**What you have to do**
Please reproduce the entries exactly, skipping each picture.

--- START ---

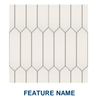
ME FEATURE NAME
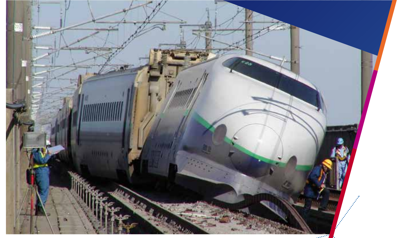
Image 1: A derailed Shinkansen bullet train, Niigata Prefecture, Japan, 2004.
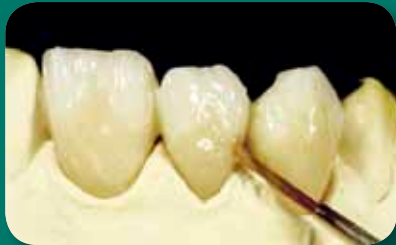
Application of Lustr Pastes
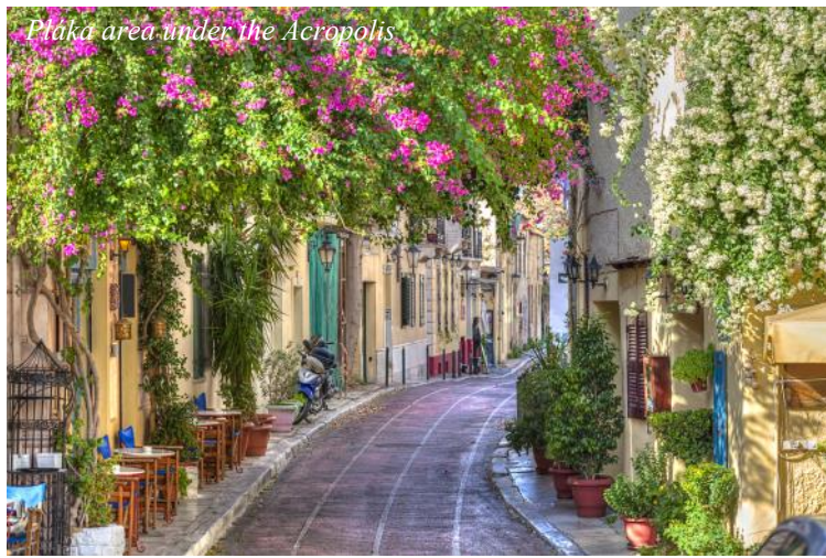
Pláka area under the Acropolis
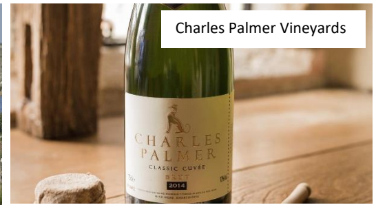
Charles Palmer Vineyards

Start your trip in 1066 Country ( www.visit1066country.com ). Set deep in history, where the Sussex Weald meets the sea, lie the ancient settlements and rich landscapes of 1066 Country. Open skies and broad horizons inspire the imagination. 1066 Country is home to some of Sussex's finest coast and countryside including the famous historic site on which the Battle of Hastings was fought. It encompasses 30 miles of coast, 22 Festivals, 15 museums, 4 galleries and 6 castles! Discover the unique towns and villages of Battle, Bexhill, Bodiam, Camber, Hastings, Herstmonceux, Pevensey, Rye and Winchelsea.
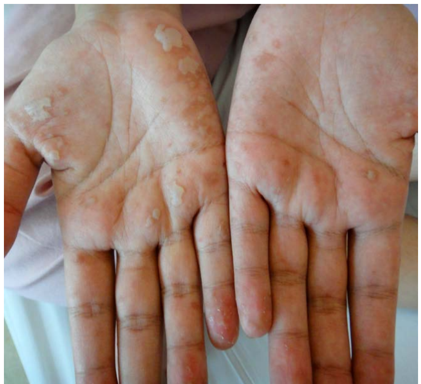
Figure 1. Bullae, erosions and atypical targets on the palms

On examination, the patient was febrile. There were discrete to confluent, dusky purpuric macules, papules, and targetoid lesions, over the forehead, cheeks, neck, and arms. Similar papules and plaques with central bullae were seen on the palms (Figure 1). Erosions were noted on the lips, hard palate, and vulvae. The conjunctivae were normal. The cutaneous lesions affected 3% of her body surface area. Systemic examination was unremarkable except
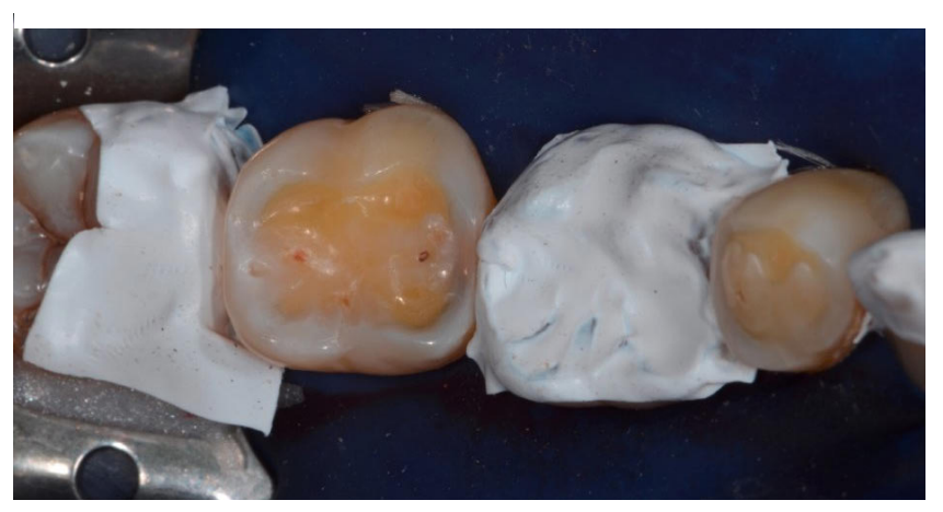
Figure 7 Isolation of the adjacent teeth with Teflon tape.

tration in habitual intercuspidation was performed. In the dental laboratory, the ideal occlusion was waxed up by approximately 2 mm with the anterior teeth blocked. During the fabrication of the wax-up models, the anterior teeth and the posterior portions of the terminal molars were not built up (Fig. 5). On these models, two translucent transfer splints each were fabricated from transparent acrylic for the maxilla and the mandible, which were relined with a transparent silicone-based bite registration material (Fig. 6). The nonwaxed areas later allow stable support of the splints in the patient's mouth.
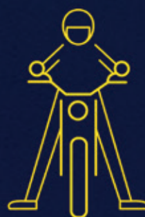
EASY GROUND REACH
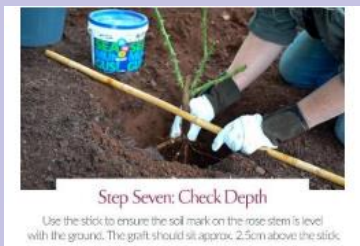
Step Seven: Check Depth Use the stick to ensure the soil mark on the rose stem is level with the ground. The graft should sit approx. 2.5cm above the stick.
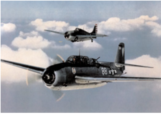
TBM flown by Al Sheves and FM-2 flown by Lex DuPont
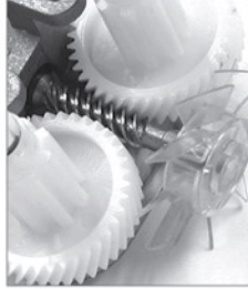
Worm Gear System
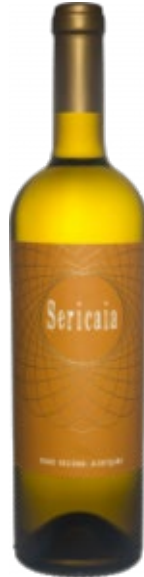
Sericaia Regional White

Aromas of Bartlett pear and lemon zest with a complex palate offering flavors of grapefruit, lemon-lime, freesia and high acidity. It is refreshing in the mouth and offers a splash of orange on the finish.
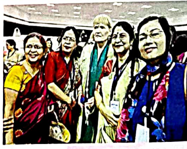
Women Empowerment At Vishaka Vista
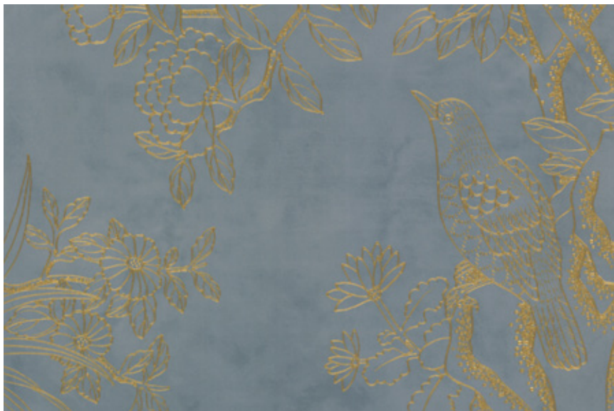
03 Patina on Sea Mist Buckskin
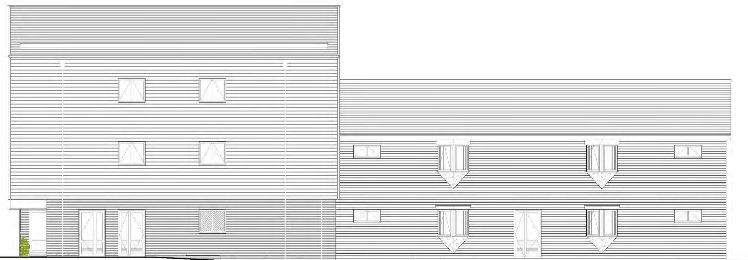
03 PROPOSED SIDE ELEVATION - NORTH Scale: 1:100
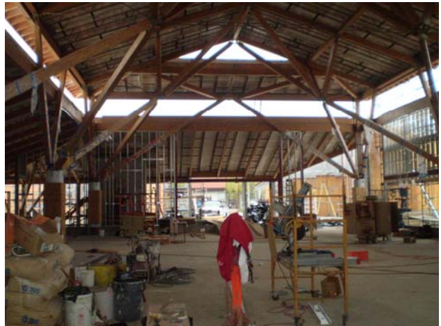
Looking north through the Adult Area towards the Entrance with the clerestory window and skylight above
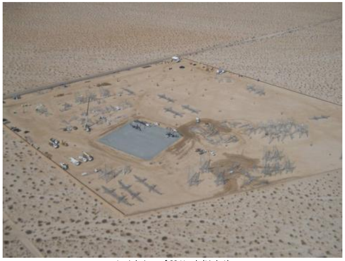
Aerial view of S2 Yard. (Link 1)
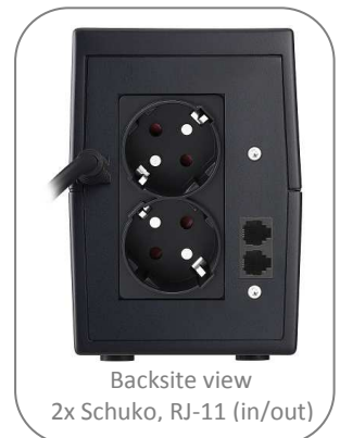
Backsite view 2x Schuko, RJ-11 (in/out)
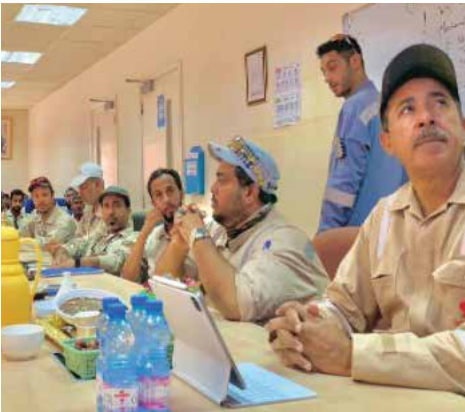
MANAGEMENT VISIBILITY Q&A - FAHUD & YIBAL SITE
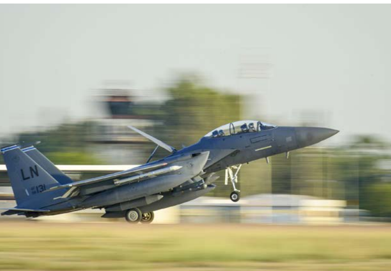
An F-15E Strike Eagle from the 48th Fighter Wing lands at Incirlik Air Base, Turkey, deployed in support of Operation Inherent Resolve and counter-Islamic State of Iraq and the Levant missions in Iraq and Syria.

The terrorist threat is continually evolving, changing focus and shifting location, requiring us to be flexible, nimble, and far-reaching in our response. Accordingly, the Defense Department is leveraging the existing security infrastructure we've already established in Afghanistan, the Middle East, East Africa, and Southern Europe, so that we can counter transnational and transregional terrorist threats like ISIL and others in a sustainable, durable way going forward. From the troops I visited in Morón, Spain last October, to those I visited in Jalalabad, Afghanistan last December, these locations and associated forces in various regions help keep us postured to respond to a range of crises, terrorist and other kinds. In a practical sense, they enable our crisis response operations, counter-terror operations, and strikes on high-value targets, and they help us act decisively to prevent terrorist group affiliates from becoming as great
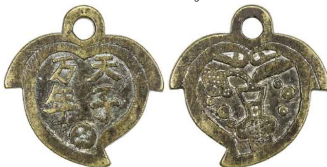
1833. QING: AE charm (34.24g), CCH-2393, 50mm, peach-shaped charm, tian zi wan nian (May the Emperor [Son of Heaven] live for a myriad [10,000] of years) // vase, VF $75 - 100

This example is was likely cast in the late Qing Dynasty and is often found in Jiangxi Province.
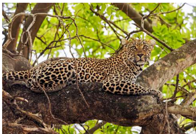
Second Place - Big Leopard in a Tree at Sabi Sands near Kruger South Africa Rick Thau
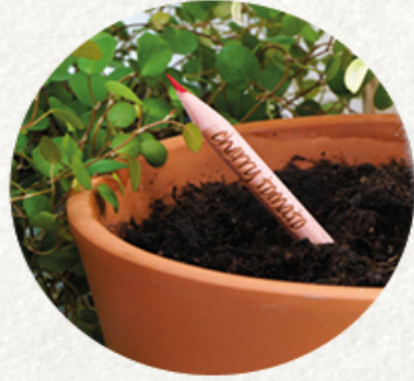
2. Plant it
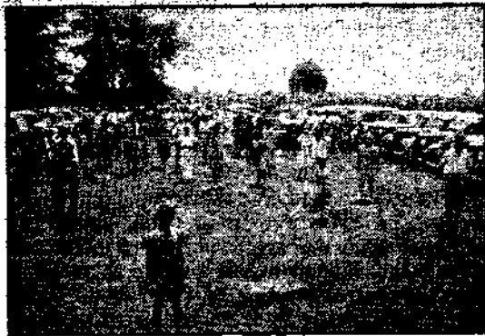
Jehovah's warriors, 126 strong, relaxing after the battles of Mansura, Bunkie and Marksville, La.

One not familiar with the procedure in New York courts, or not having an appreciation of the vast number of cases which must be disposed of in those courts, can hardly understand the difficulty of getting in all this testimony in a case of simple assault. Be it said for the judges, that although impatient with defendants' attorney when he plainly showed them why consideration ought to be given to the type of the meeting, and to what plans had been made to provide for the public and assure their safety, those judges consented to listen to the evidence for nearly two days. Indeed, these ushers were in the lions' den, as was Daniel, because this court is one which customarily convicts. But the Lord having promised that He will deliver those who put their trust in Him, and since His name was involved in the great proclamation that issued from Madison Square Garden, the three ushers left the courtroom praising the Lord for having had a part in honoring His name and acting for its vindication. Two of the three ushers were wholly acquitted, and the third one, whose accuser failed to appear in court, was unconditionally dismissed by the court.
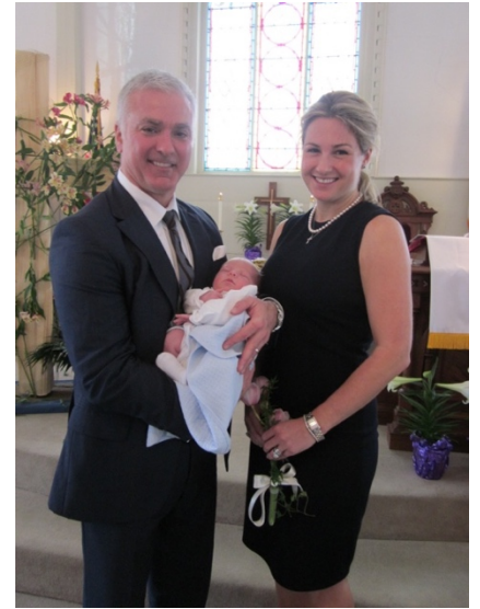
Left to right: Preparing for a laity service, the communion table, recent baptism

--- END ---

**Output for this task**
ME FEATURE NAME
Image 1: A derailed Shinkansen bullet train, Niigata Prefecture, Japan, 2004.
Application of Lustr Pastes
Pláka area under the Acropolis
Charles Palmer Vineyards

Start your trip in 1066 Country ( www.visit1066country.com ). Set deep in history, where the Sussex Weald meets the sea, lie the ancient settlements and rich landscapes of 1066 Country. Open skies and broad horizons inspire the imagination. 1066 Country is home to some of Sussex's finest coast and countryside including the famous historic site on which the Battle of Hastings was fought. It encompasses 30 miles of coast, 22 Festivals, 15 museums, 4 galleries and 6 castles! Discover the unique towns and villages of Battle, Bexhill, Bodiam, Camber, Hastings, Herstmonceux, Pevensey, Rye and Winchelsea.
Figure 1. Bullae, erosions and atypical targets on the palms

On examination, the patient was febrile. There were discrete to confluent, dusky purpuric macules, papules, and targetoid lesions, over the forehead, cheeks, neck, and arms. Similar papules and plaques with central bullae were seen on the palms (Figure 1). Erosions were noted on the lips, hard palate, and vulvae. The conjunctivae were normal. The cutaneous lesions affected 3% of her body surface area. Systemic examination was unremarkable except
Figure 7 Isolation of the adjacent teeth with Teflon tape.

tration in habitual intercuspidation was performed. In the dental laboratory, the ideal occlusion was waxed up by approximately 2 mm with the anterior teeth blocked. During the fabrication of the wax-up models, the anterior teeth and the posterior portions of the terminal molars were not built up (Fig. 5). On these models, two translucent transfer splints each were fabricated from transparent acrylic for the maxilla and the mandible, which were relined with a transparent silicone-based bite registration material (Fig. 6). The nonwaxed areas later allow stable support of the splints in the patient's mouth.
EASY GROUND REACH
Step Seven: Check Depth Use the stick to ensure the soil mark on the rose stem is level with the ground. The graft should sit approx. 2.5cm above the stick.
TBM flown by Al Sheves and FM-2 flown by Lex DuPont
Worm Gear System
Sericaia Regional White

Aromas of Bartlett pear and lemon zest with a complex palate offering flavors of grapefruit, lemon-lime, freesia and high acidity. It is refreshing in the mouth and offers a splash of orange on the finish.
Women Empowerment At Vishaka Vista
03 Patina on Sea Mist Buckskin
03 PROPOSED SIDE ELEVATION - NORTH Scale: 1:100
Looking north through the Adult Area towards the Entrance with the clerestory window and skylight above
Aerial view of S2 Yard. (Link 1)
Backsite view 2x Schuko, RJ-11 (in/out)
MANAGEMENT VISIBILITY Q&A - FAHUD & YIBAL SITE
An F-15E Strike Eagle from the 48th Fighter Wing lands at Incirlik Air Base, Turkey, deployed in support of Operation Inherent Resolve and counter-Islamic State of Iraq and the Levant missions in Iraq and Syria.

The terrorist threat is continually evolving, changing focus and shifting location, requiring us to be flexible, nimble, and far-reaching in our response. Accordingly, the Defense Department is leveraging the existing security infrastructure we've already established in Afghanistan, the Middle East, East Africa, and Southern Europe, so that we can counter transnational and transregional terrorist threats like ISIL and others in a sustainable, durable way going forward. From the troops I visited in Morón, Spain last October, to those I visited in Jalalabad, Afghanistan last December, these locations and associated forces in various regions help keep us postured to respond to a range of crises, terrorist and other kinds. In a practical sense, they enable our crisis response operations, counter-terror operations, and strikes on high-value targets, and they help us act decisively to prevent terrorist group affiliates from becoming as great
1833. QING: AE charm (34.24g), CCH-2393, 50mm, peach-shaped charm, tian zi wan nian (May the Emperor [Son of Heaven] live for a myriad [10,000] of years) // vase, VF $75 - 100

This example is was likely cast in the late Qing Dynasty and is often found in Jiangxi Province.
Second Place - Big Leopard in a Tree at Sabi Sands near Kruger South Africa Rick Thau
2. Plant it
Jehovah's warriors, 126 strong, relaxing after the battles of Mansura, Bunkie and Marksville, La.

One not familiar with the procedure in New York courts, or not having an appreciation of the vast number of cases which must be disposed of in those courts, can hardly understand the difficulty of getting in all this testimony in a case of simple assault. Be it said for the judges, that although impatient with defendants' attorney when he plainly showed them why consideration ought to be given to the type of the meeting, and to what plans had been made to provide for the public and assure their safety, those judges consented to listen to the evidence for nearly two days. Indeed, these ushers were in the lions' den, as was Daniel, because this court is one which customarily convicts. But the Lord having promised that He will deliver those who put their trust in Him, and since His name was involved in the great proclamation that issued from Madison Square Garden, the three ushers left the courtroom praising the Lord for having had a part in honoring His name and acting for its vindication. Two of the three ushers were wholly acquitted, and the third one, whose accuser failed to appear in court, was unconditionally dismissed by the court.
Left to right: Preparing for a laity service, the communion table, recent baptism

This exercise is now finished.